IBTimes.ID – Jakarta (21/7), Sejumlah lembaga dikabarkan akan dibubarkan oleh pemerintah karena dianggap membebani anggaran negara (Kompas, 13/7). Diantara lembaga negara tersebut, Komnas Lansia sempat disebut-sebut sebagai kandidat utama karena dianggap sebagai lembaga yang tidak terdengar kinerjanya. Rencana itu sempat diamini oleh DPR yang merasa bahwa tidak pernah mendengar Komnas Lansia disebut saat rapat koordinasi dengan Kementrian Sosial.
Meskipun pada akhirnya Pemerintah tidak menyebut Komnas Lansia sebagai lembaga yang dibubarkan (Kompas, 20/07). Namun beberapa organisasi masyarakat sipil yang tergabung dalam Koalisi Masyarakat Sipil Peduli Kelanjutusiaan (KuMPul) tetap memberi catatan mendesak pada pemerintah mengenai Komnas Lansia.
Dalam Surat kepada Presiden yang disampaikan dalam Konferensi Pers yang digelar oleh KuMPuL secara online (21/7), Adhi Santika, pemerhati hukum dan lansia menyampaikan bahwa Komnas Lansia saat ini ibarat kapal, tapi tidak lagi ada nahkodanya.
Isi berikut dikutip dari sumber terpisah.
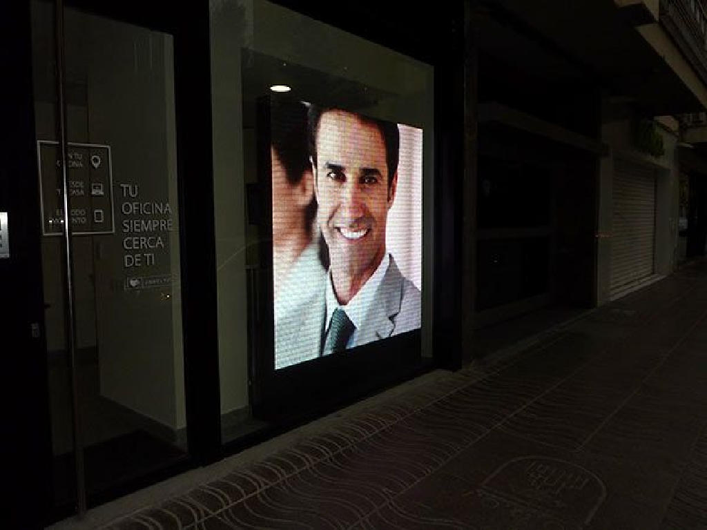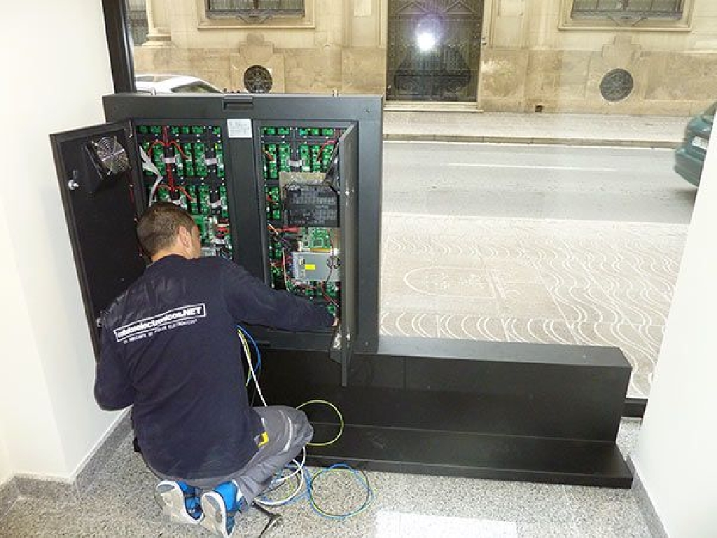 Suministro e instalaci贸n de pantalla led en Albacete para escaparate de oficina bancaria situada en la Calle Tesifonte Gallego, 25 de la capital manchega.

Jadi bagaimana mungkin kapal tersebut dapat berjalan. Ia menjelaskan bahwa Keppres No. 22 tahun 2012 diktum KEDUA menyatakan bahwa keanggotaan Komnas Lansia untuk masa jabatan tahun 2012–2014 adalah sampai dengan bulan Desember 2014, dan sejak saat itu tidak ada lagi peraturan perundangan-undangan yang mengatur tentang keanggotaan. Dengan demikian sejak 1 Januari 2015 sampai sekarang sudah tidak ada lagi keanggotaan Komnas ini karena tidak ada perpanjangan mandat keanggotaan maupun tidak dibentuk anggota yang baru.
Bukti Kehadiran Negara
Poin kedua yang disampaikan dalam surat KuMPul tersebut juga menjelaskan bahwa keberadaan Komnas Lansia merupakan satu bukti nyata bahwa Negara hadir dan bertanggungjawab penuh terhadap pemenuhan dan perlindungan hak. Perlindungan bagi lansia masih dipandang belum memadai, apalagi lansia masih banyak yang mengalami kekerasan.
Koordinator Pelaksana Harian Asosiasi LBH APIK Indonesia, Khotimun Sutanti, menyampaikan bahwa kantor-kantor LBH APIK terutama Medan, Yogyakarta dan Bali mempunyai catatan khusus mengenai kasus-kasus kekerasan terhadap lansia. Mayoritas kasus yang ditangani adalah penelantaran. Kasus lainnya adalah KDRT, perampasan harta, eksploitasi ekonomi, psikologis, bahkan kekerasan seksual.
Menurut pengalaman LBH APIK, kasus-kasus seperti ini seringkali dianggap urusan keluarga sehingga minim respon masyarakat. Terkadang pembiaran terjadi karena dianggap tidak penting lagi direspon. Bahkan kadang masyarakat tidak percaya bahwa ada kekerasan seksual terhadap lansia. Maka dari itu lansia minim mengakses bantuan hukum bisa jadi karena tidak tahu, merasa takut atau tidak memperoleh kesempatan.
Catatan lainnya yang disampaikan oleh Khotimun Sutanti adalah ketiadaan data terpilah bagi kasus-kasus kekerasan terhadap lansia. Selama ini sangat sulit ditemukan data-data tersebut. Tidak ada update tahunan secara komprehensif seperti halnya data kekerasan terhadap perempuan dan anak. Maka menurut Khotimun, soal mengawal data ini juga menjadi mandat bagi Komnas Lansia.
KuMPul yang saat ini terdiri dari 9 lembaga, yaitu Alzeimer Indonesia, Center for Aging Society (CAS) Universitas Indonesia, Yayasan Emong Lansia, Komunitas Rahmat Pemulihan, Women in Science Technology Innovation (WISTI), The Prakarsa, Asosiasi LBH APIK Indonesia, beserta LBH APIK Medan, LBH APIK Bali, dan LBH APIK Yogyakarta, Perempuan Kepala Keluarga (Pekka), Koalisi Perempuan Indonesia, dan Ragam Institute, menyampaikan bahwa Komnas Lansia harus diselamatkan. Harus direvitalisasi, dan terus diberdayakan. Ibu Ibnurini dari Komunitas Rahmat Pemulihan berpesan agar segera dilakukan pembentukan struktur baru Komnas Lansia agar berjalan Kembali. Keterlibatan lansia dalam penentuan kebijakan adalah hak lansia agar pembangunan juga menangkap suara-suara lansia.